BFIS school recognizes the importance of play for young students and regularly incorporates play into its curriculum. It is through playing those children learn how to interact with others, explore their environment, practice motor skills, develop creativity, and create meaning from their experiences
What is learning through play?
Learning through play is an educational approach that emphasizes the importance of play in children’s learning and development. It involves using play as a way to help children acquire new knowledge, develop their skills, and explore the environment.
At BFIS our philosophy supports a play-based program. Play is an essential part of an Early Years curriculum as children are learning at the highest level through play. It is through these experiences that they build connections in the brain, which helps children develop physically, cognitively, socially, and emotionally.
Why is play important for child development?
Learning through play helps children retain information and skills better than more passive forms of instruction. Play also allows children to practice problem-solving, creativity, and collaboration in a safe and enjoyable environment.
There is no division for children between play and learning, which makes play central to a child’s development, confidence, and well-being. Play enables children to make connections with the world around them, develop socially, as they move through the different stages of play, and build relationships and language skills through these interactions.
It is important to have a variety of play experiences, both indoors and outdoors. It is also important to have unstructured, ‘Free Play‘ and a more structured ‘Guided Play.’
Free Play is a play that is self-selected and initiated by the child. Experiences are chosen either through interests and passions or through social connections. Free play is typically described as play that is child-directed, voluntary, and internally motivated.
Free Play enables children to be decision-makers in their learning, with a self-established goal. During free play, children decide what and how they are going to play, where they will play, and for how long they will be engaged.
Free choice is intrinsically motivating, as there are no external expectations or concepts set by adults. Teachers observe and follow the lead of their students. It is through these observations that teachers can plan the curriculum to build on the student’s skills and interests.
When children have time and space to play without restriction, their imagination, and creativity are endless, as they explore ideas and interact with their immediate environment.
Through free play, children can discover new interests, and gain a greater understanding of the world around them, whilst building their skills.
Play enables children to enter at their own level where they can practice and master skills, and process information. They can practice and process skills that they are learning, enhance their social and language skills and expand their imagination, and cognitive and physical skills.

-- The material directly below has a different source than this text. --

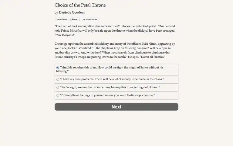 In the Empire of the Petal Throne™, will you find glory, or a knife in your back? "Choice of the Petal Throne" is a 124,000-word interactive fantasy novel by Danielle Goudeau, where your choices control the story. It's entirely text-based--without graphics or sound effects--and fueled by the vast, unstoppable power of your imagination. M.A.R. Barker's world of Tékumel™ is a fantasy universe like no other, where South American, Middle Eastern, and Indian cultures collide. The princes and princesses of the Tsolyáni empire vie for their father's mystical Petal Throne, tearing the nation apart with civil war and political intrigues. As a captain in one of their armies, will you play as male or female, gay straight or bi? A brave and forthright soldier, a hedonistic intriguer with a heart of gold, or scheming double agent?

Guided Play refers to learning experiences that combine the child-directed nature of free play with a focus on learning objectives and outcomes, with adult scaffolding.
Our Guided Play experience usually reflects our Unit of Inquiry. Providing high-quality planned experiences for children’s play is an important way for adults to support children’s learning that is both enjoyable and challenging, in meaningful ways.
Teachers prepare relevant and inviting materials and provocations, model new skills, and purposefully question and communicate with the child(ren) to scaffold their learning. While doing this, they learn to persevere, build in their ability to attend and engage, develop flexibility in their thinking as they work towards their goal, and reflect on the process.
Guided play in the early childhood years is linked to higher gains in literacy and numeracy than explicit instruction.
Play is essential for the development of young children. It is through play that kids learn about the world around them and develop important cognitive, social, emotional, and physical skills.
It is important for parents, caregivers, and educators to provide children with ample opportunities to play, both structured and unstructured, to ensure they develop the skills they need to thrive.